After a busy fall, I took some much-needed time off last month. Away from the studio, away from trying to write – I just read and read and read and hung out with my family. In 2006, I tried to go all out for the Holidays: hosting a cocktail party at my house, going to fancy dinners, enjoying choir concerts, observing Advent, shopping for The Perfect Gift, decking my house out with tons of lights. And not because I felt like I had to pretend to be happy, but because I genuinely enjoy those things. Then the week before Christmas a new job, a wedding and a death in the family forced my attention away from all those devoirs, those self-inflicted “must-dos” and dashed all of my efforts to celebrate the holidays.

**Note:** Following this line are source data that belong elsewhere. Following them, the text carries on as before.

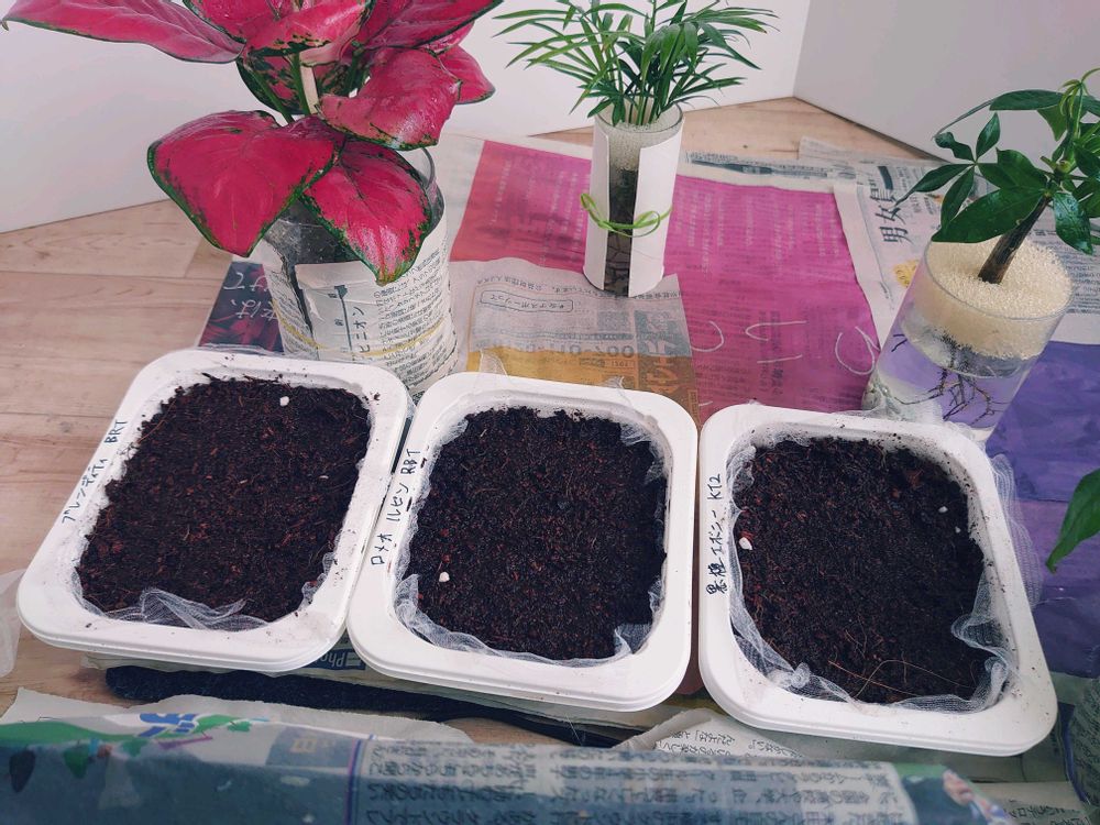 ガジュマルと同じく、食品トレーのリサイクルだけど、良い感じに腰水できてる感じ。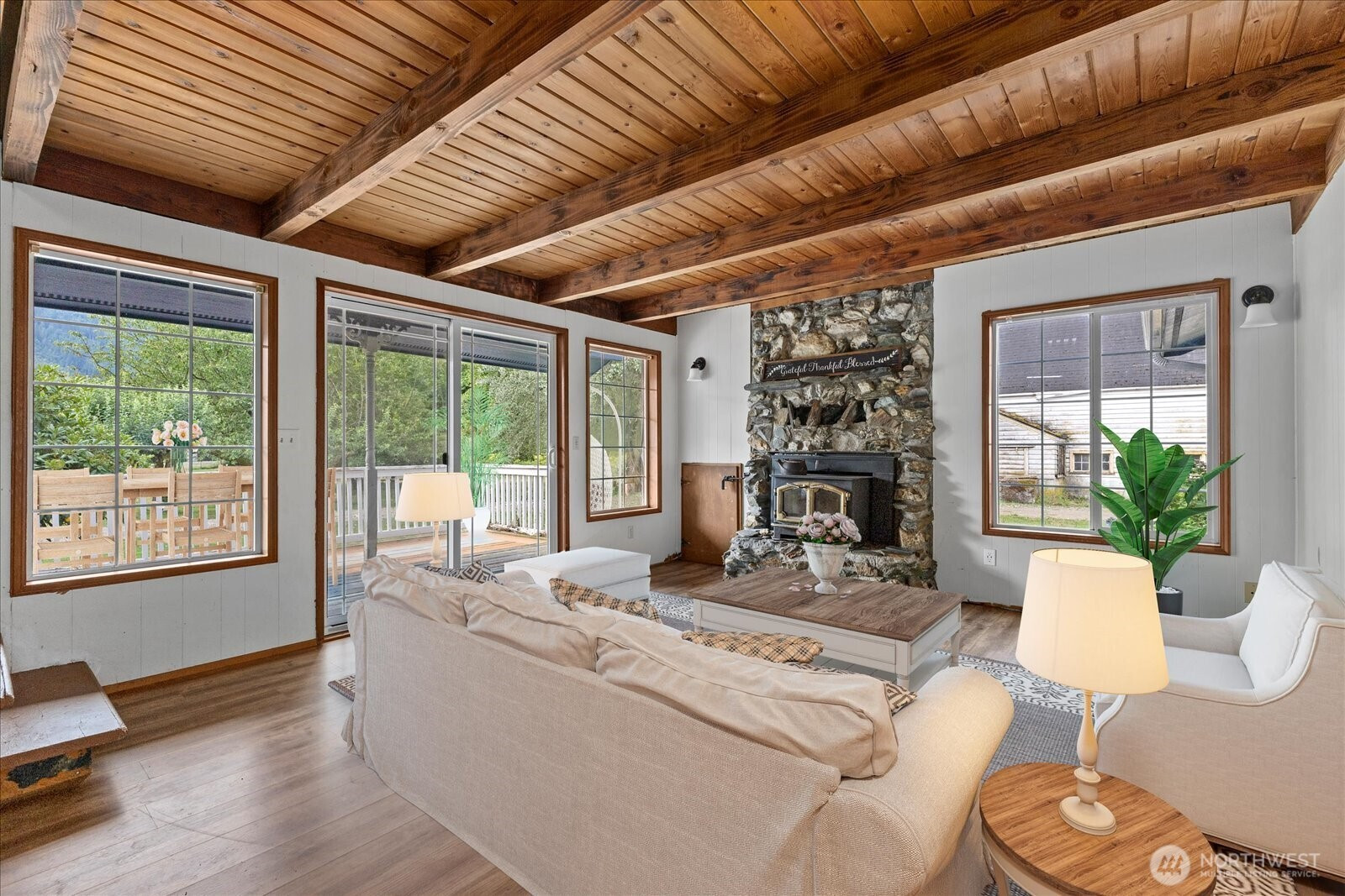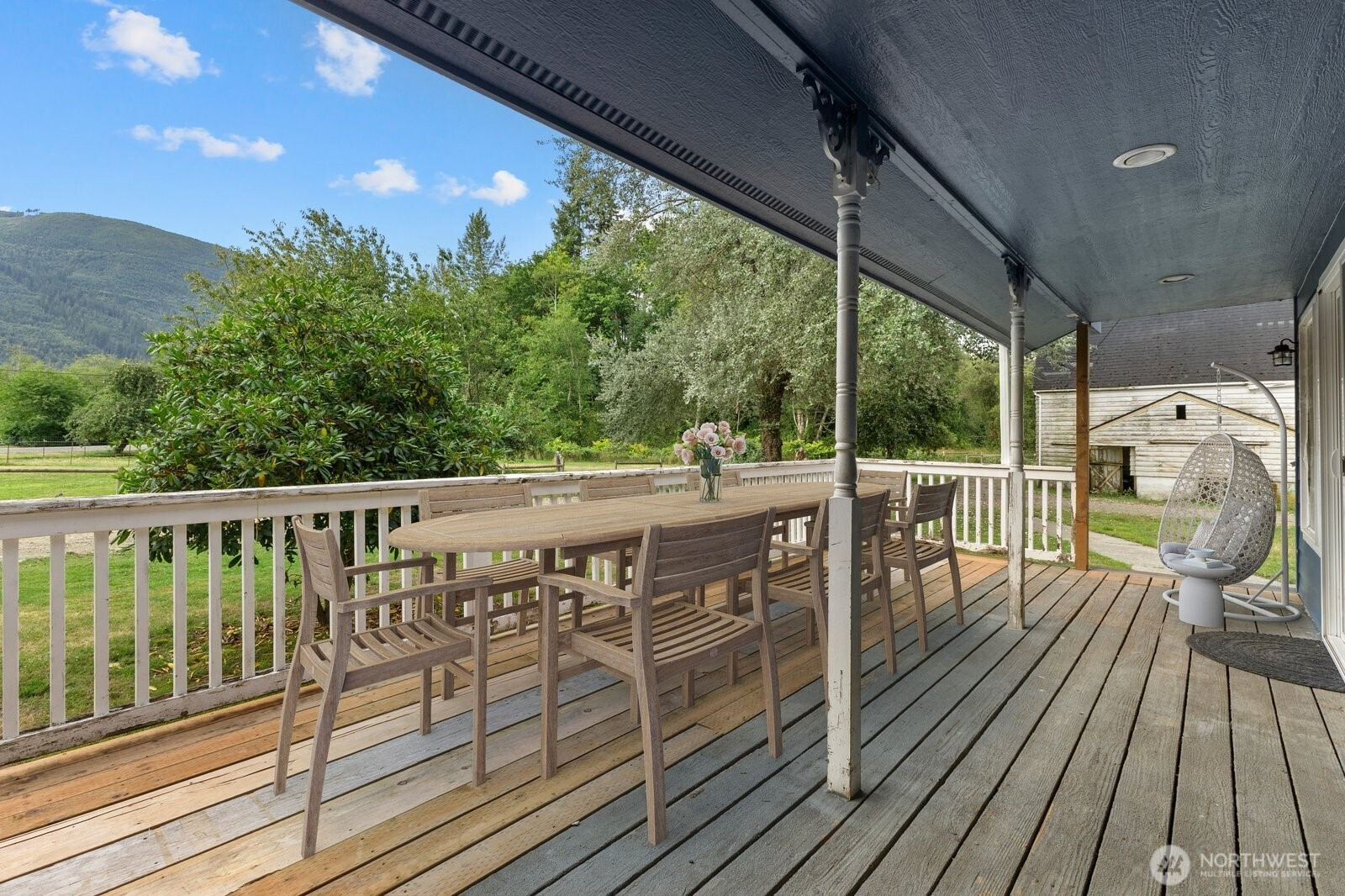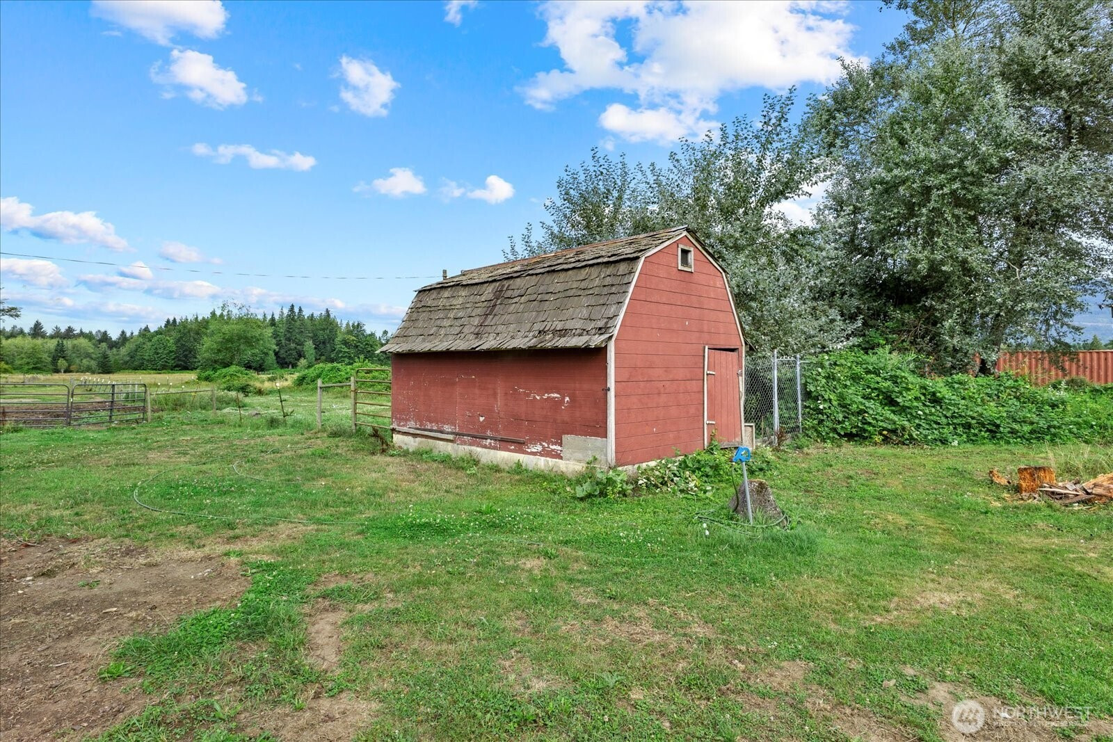 Enjoy peaceful country living on this spacious level 10-acre Farm! New Roof, Siding & Exterior Paint! 2- story home w/ tongue & groove ceilings w/ beams, woodstove & laminate flooring. Country kitchen, living, dining & family room. 4 bedrooms including the primary w/ its own 3/4 bath & walk-in-closet. Vintage dairy barn with loft, 5 stall horse barn, chicken coop, orchard, garden area & vast open pastures ~perfect for horses, cattle, goats etc. The detached 896 sq. ft ~2-car garage/shop or a possible Multi-Generational/ DADU/MIL. Privacy abounds w/ picturesque Mountain views & Morgan Creek bordering the south side of the property. No flood insurance needed. Room for your RV's & all your Toys. Ready for your TLC w/ so many possibilities.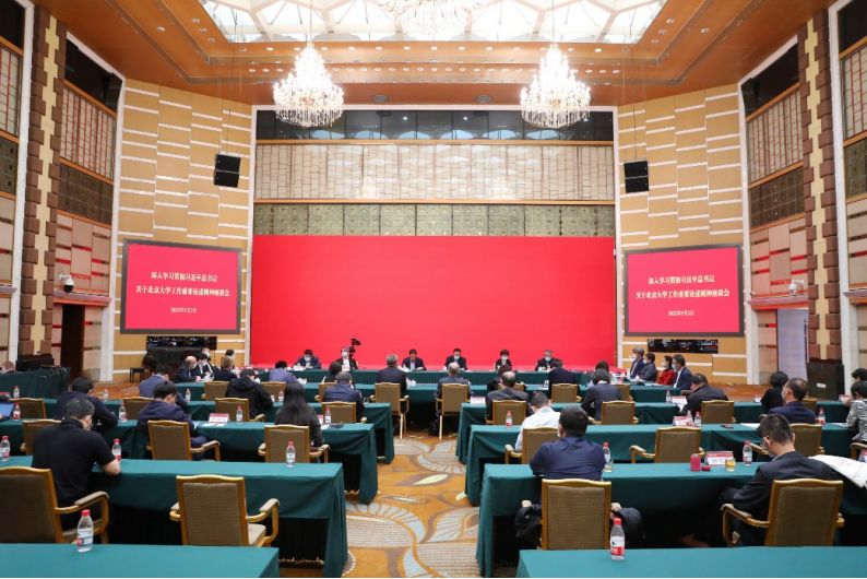 2022年5月2日上午,在习近平总书记2018年考察北京大学4周年之际,在五四青年节和北大建校124周年校庆日前夕,“深入学习贯彻习近平总书记关于北京大学工作重要论述精神座谈会”在英杰交流中心阳光厅举行。校党委书记邱水平,校长郝平,校党委常委、常务副校长龚旗煌、乔杰,校党委常务副书记、副校长、医学部党委书记陈宝剑,校党委副书记安钰峰,校党委副书记、纪委书记叶静漪,校党委常委、副校长王博、张平文、孙庆伟,校长助理董志勇,以及校务委员会副主任,各学部主任,医学部领导班子成员,各有关职能部门的负责同志,院系和附属医院的师生代表等参加会议。会议由郝平主持。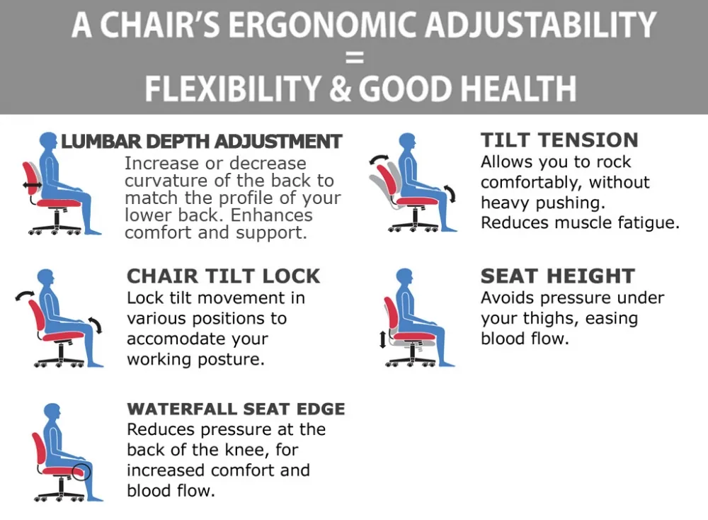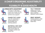 Adjustable ergonomic chair features that can encourage health and wellness in the workplace: lumber depth adjustment, tilt tension, chair tilt lock, seat height, waterfall seat edge.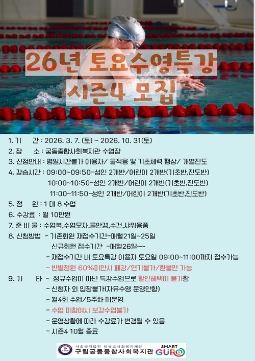 2026년 시즌4 토요수영특강 안내

I didn’t realize how traumatic those experiences were until this season came around.

So this year, I let my brain check out around the 10th of December and stay holed up in the Me Motel for a few weeks. But the holidays still weren’t easy to get through. Re-living the memories of last year reminded me of Joan Didion’s memoir The Year of Magical Thinking, and since I let the decorating and partying slide this year, I had more time to be a good American and shop, which brought on a spiritual crisis of sorts that’s continuing through the New Year. The disgusted feeling lingered for a few days and came out in a fretful conversation with my husband about who was left to buy gifts for on our Nice list. “I feel like I need to be doing more,” I said.

“What do you mean?”

“Well, all this shopping – it seems so unnecessary. I feel like I should be helping others. I feel like I ought to be giving money to charity instead. We’ve had to cut back a lot the last few month but we’ve still got enough left over to buy gifts. But I still feel this pressure, this guilt about being able to do that. Like we’re still better off than a lot of people. Am I being too hard on myself? Because then again, maybe we’re not that much better off, because we haven’t been saving any money lately. But is saving money just hoarding in disguise? Which makes me think that this guilt is coming from feeling bullied by the preaching about money at church lately. But I don’t think it’s Catholic guilt, as they say. (I don’t know what people are talking about when they say ‘Catholic guilt’ – it’s a cliche.) It’s more like Virgo guilt. The perfectionism and this desire to serve and help other people.” Deep breath.

He looks at me warily, not quite comprehending. “Capricorns – we’re driven and ambitious, but we don’t really get into all that.”

“I know, the holidays are a special time to show your family and friends that you care about them. It’s just… why do we need stuff to express that? Why do we spend all this time and money and looking for crap that they don’t need?”

“Because it’s the holidays and that’s what you’re supposed to do.” (now shut up and quit worrying).

When the Big Day finally came, I was spared from all these dreary ruminations. I became rather ill with stomach flu about 20 minutes before my family started opening gifts on Christmas Eve and spent much of the night and next day making donations to a porcelain collection bowl. While this wasn’t the most merry way to observe the birth of the Lord, and on an ordinary day, I’d just think, I’m sick and it sucks, but Christmas forced me me to find a silver lining: I think the universe was telling me, it’s not ever going to be Perfect, it’s OK not to be Perfect, so let go. Literally.

After all recovering from all the throwing up, I threw out my back while playing with the dog a couple days later. I was back in good health on New Year’s Eve, but dry weather and high winds spoiled the 5-mattress bonfire I’d been looking forward to. Yet another Act of God. I took that as another sign to extend my vacation another day or two, and naturally on my first day back at work, the gears were a little squeaky. My back had finally healed so I headed to the gym last night to start melting away any Santa belly I may have gotten over the previous month. Exercise was just the remedy to blow away the Holiday stupor and return to my endorphin-induced daydreams and plans. So here I go again.